Best Practice for testing database?

Hello. I am writing my first server in elixir, and I am using the influxDB for storing time series data. So far I have enjoyed programming in elixir. But I am struggling to test my system.

I have read this article: http://blog.plataformatec.com.br/2015/10/mocks-and-explicit-contracts/
and it did help me write Mock modules for HTTP servers (for some HTTP requests my server makes) in order to test my GET/POST queries.

But I am struggling to understand how I can simulate my database by creating a mock module. If I decide to do that, I will also have to parse the SQL queries, so that the Mock supports all sorts of queries that I may wish to add in future (and also to make the Mock re-usable for anybody else who wants to test it the way I do).

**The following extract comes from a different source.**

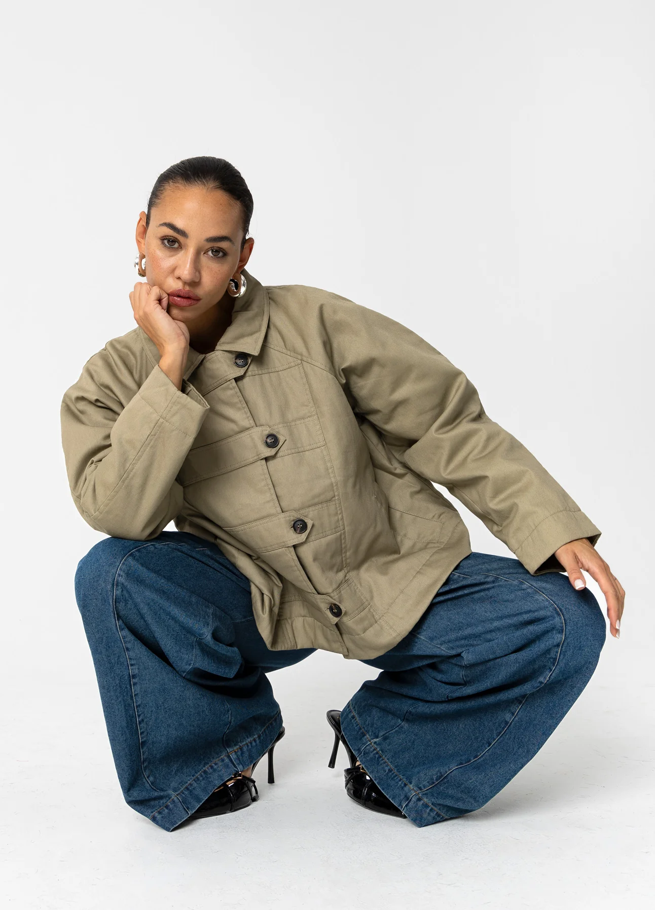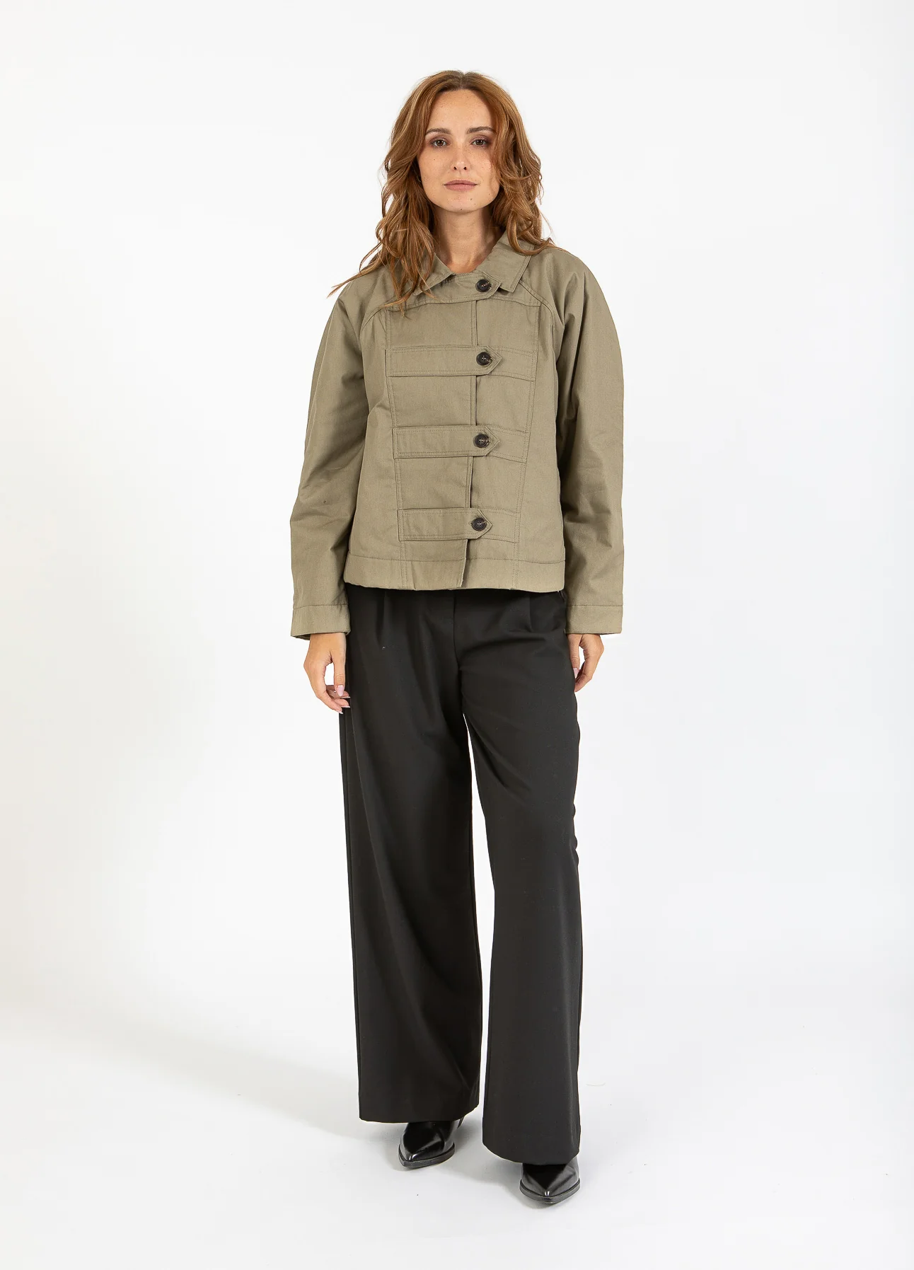 Het model is 173 cm lang en draagt maat S. Ze meet 84 cm rond de borst, 65 cm rond de taille en 96 cm rond de heupen.

The other way (simpler/less time consuming) is to simply have the DB run in the background while running tests. And create a different database for test purposes. But is this bad test design?

What are the best practices for testing database queries in elixir? And can somebody point me to an article, github project, etc. where I can refer it and learn?

Thank you.

This is very normal, and is also the way that people test when using Postgres as a database.

2 Likes

Yes, I do see some other projects also take this approach. I will do that as well. Thanks!

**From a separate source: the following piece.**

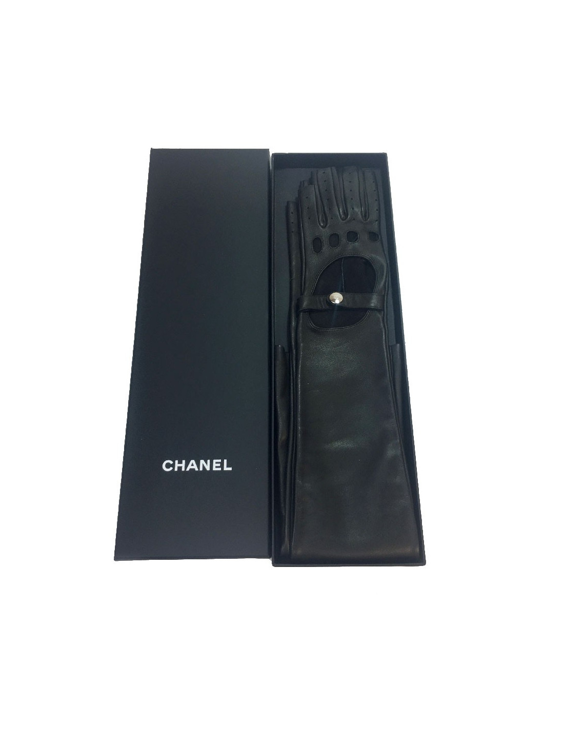 Longues mitaines CHANEL T7 en cuir d'agneau noir

I do not mean to hijack this topic, but has anybody have tried to incorporate pgtap into their workflow (with elixir projects) and reached any meaningful conclusion, successes or failures in doing so?

Personally, I like setting up a docker environment.

An example from a pet project:

docker-compose.yml

version: '3.3'

services:

  app:
    build:
      context: .
      dockerfile: Dockerfile
    working_dir: /app
    command: 'mix phx.server'
    ports:
      - '4000:4000'
    volumes:
      - '~/.bash-history:/.bash-history'
      - '.:/app:cached'
      - '/tmp:/tmp:delegated'
      - '.bashrc:/root/.bashrc:cached'
      - '/var/run/docker.sock:/var/run/docker.sock:cached'
      - '/var/tmp:/var/tmp:cached'
      - '/tmp:/tmp:cached'
    depends_on:
      - db

  db:
    image: postgres:11-alpine
    volumes:
      - 'pgdata:/var/lib/postgres/data'

volumes:
  pgdata:

Makefile

start:
	docker-compose up -d

stop:
	docker-compose down

build:
	docker-compose build app

shell:
	docker-compose run --rm app bash

install:
	docker-compose run --rm app mix deps.get

install-assets:
	docker-compose run --rm app bash -c "cd assets && npm install && node node_modules/webpack/bin/webpack.js --mode development"

compile:
	docker-compose run --rm app bash -c "mix do compile, phx.digest"

db-setup:
	docker-compose run --rm app mix ecto.setup

db-reset:
	docker-compose run --rm app mix ecto.reset

start-interactive:
	docker-compose run --rm --service-ports app iex -S mix phx.server

test:
	docker-compose run --rm app mix test

setup: build install install-assets compile db-setup

.PHONY: test
4 Likes

The difficulty lies in the details.

If you can assert correctness purely based on the query alone you could use a mock, but at least for SQL this is really hard as even simple changes in the order of building up a query are likely to make the logic of comparing a query fail, but could very well still result in the same proper results when handled by an actual db. Such differences defeat the purpose of a testsuite allowing you to refactor safely; Or you’d need to basically reimplement the db’s query engine. This is different to e.g. a mocked API (which is the subject of the blogpost), as the inputs there are likely to be way less complex to assert against than sql.